*** GIVEN ENTRIES Section Begins ***

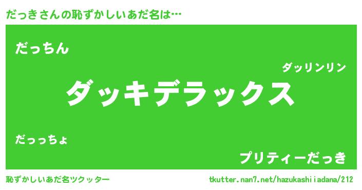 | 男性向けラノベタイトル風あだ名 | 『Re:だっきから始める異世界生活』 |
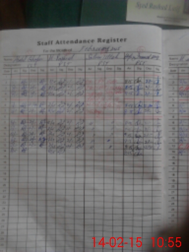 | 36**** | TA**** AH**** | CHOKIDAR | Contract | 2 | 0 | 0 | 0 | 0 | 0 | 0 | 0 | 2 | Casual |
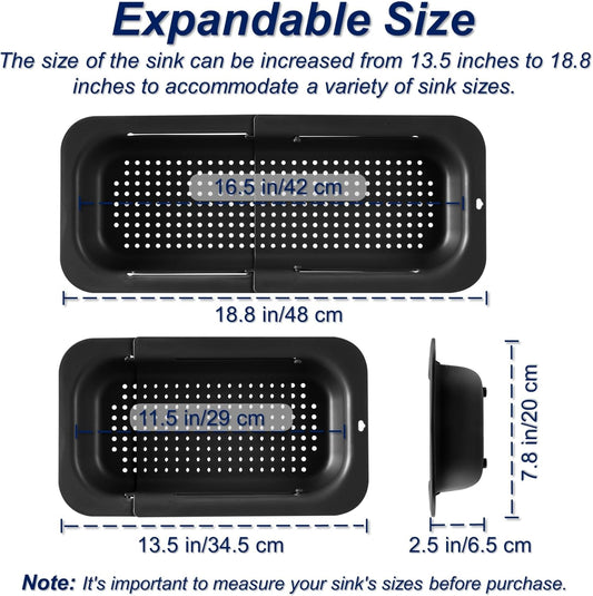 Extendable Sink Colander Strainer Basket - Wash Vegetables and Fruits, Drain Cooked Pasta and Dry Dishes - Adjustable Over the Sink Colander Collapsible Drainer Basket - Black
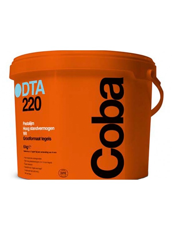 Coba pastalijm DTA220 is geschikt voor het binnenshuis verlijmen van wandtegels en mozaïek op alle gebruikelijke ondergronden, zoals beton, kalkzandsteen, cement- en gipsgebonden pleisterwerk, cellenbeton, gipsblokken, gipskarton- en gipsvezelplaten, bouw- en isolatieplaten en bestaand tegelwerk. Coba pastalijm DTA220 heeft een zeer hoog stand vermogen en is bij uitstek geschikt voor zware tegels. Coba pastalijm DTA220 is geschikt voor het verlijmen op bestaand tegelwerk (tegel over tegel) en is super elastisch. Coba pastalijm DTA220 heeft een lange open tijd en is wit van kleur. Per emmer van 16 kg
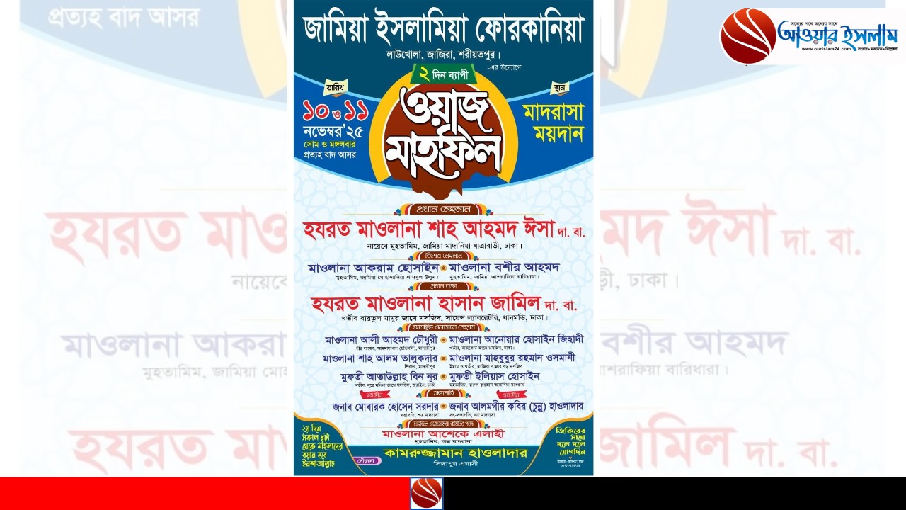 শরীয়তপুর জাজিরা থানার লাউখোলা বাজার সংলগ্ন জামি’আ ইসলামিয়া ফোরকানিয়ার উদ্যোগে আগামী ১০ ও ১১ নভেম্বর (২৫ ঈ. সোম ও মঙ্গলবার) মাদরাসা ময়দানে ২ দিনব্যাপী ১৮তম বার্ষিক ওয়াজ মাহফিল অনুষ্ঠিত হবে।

*** GIVEN ENTRIES Section Ends ***
*** GIVEN ENTRIES Section Begins ***

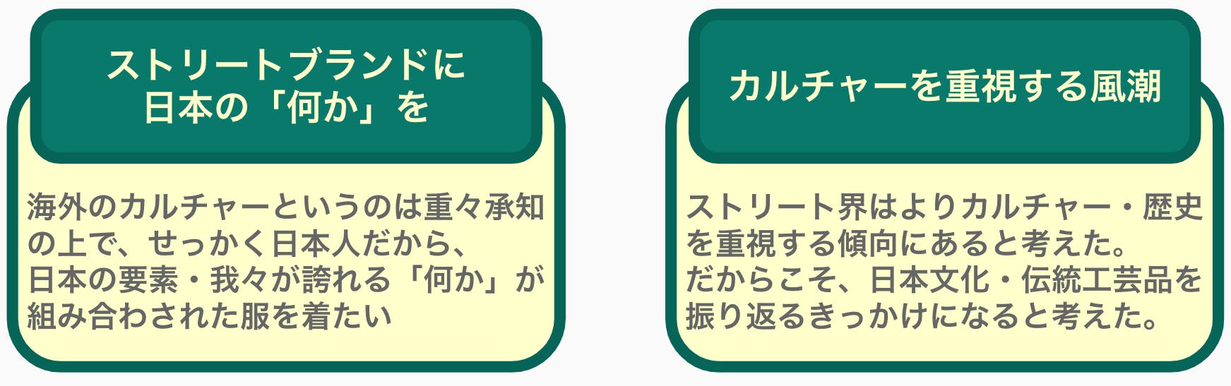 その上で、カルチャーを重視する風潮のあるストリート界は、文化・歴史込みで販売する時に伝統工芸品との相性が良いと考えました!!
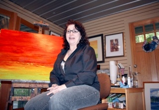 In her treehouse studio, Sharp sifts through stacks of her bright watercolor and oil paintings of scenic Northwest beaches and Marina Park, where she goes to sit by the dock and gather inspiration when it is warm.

*** GIVEN ENTRIES Section Ends ***

- PROBLEM STATEMENT: Copy out exactly the lines above beginning with the line that contains "Coba pastalijm DTA220 is geschikt voor het binnenshuis" and finishing with the line that contains "শরীয়তপুর জাজিরা থানার", including both; leave the pictures out.

- PROBLEM SOLUTION:
 Coba pastalijm DTA220 is geschikt voor het binnenshuis verlijmen van wandtegels en mozaïek op alle gebruikelijke ondergronden, zoals beton, kalkzandsteen, cement- en gipsgebonden pleisterwerk, cellenbeton, gipsblokken, gipskarton- en gipsvezelplaten, bouw- en isolatieplaten en bestaand tegelwerk. Coba pastalijm DTA220 heeft een zeer hoog stand vermogen en is bij uitstek geschikt voor zware tegels. Coba pastalijm DTA220 is geschikt voor het verlijmen op bestaand tegelwerk (tegel over tegel) en is super elastisch. Coba pastalijm DTA220 heeft een lange open tijd en is wit van kleur. Per emmer van 16 kg
 শরীয়তপুর জাজিরা থানার লাউখোলা বাজার সংলগ্ন জামি’আ ইসলামিয়া ফোরকানিয়ার উদ্যোগে আগামী ১০ ও ১১ নভেম্বর (২৫ ঈ. সোম ও মঙ্গলবার) মাদরাসা ময়দানে ২ দিনব্যাপী ১৮তম বার্ষিক ওয়াজ মাহফিল অনুষ্ঠিত হবে।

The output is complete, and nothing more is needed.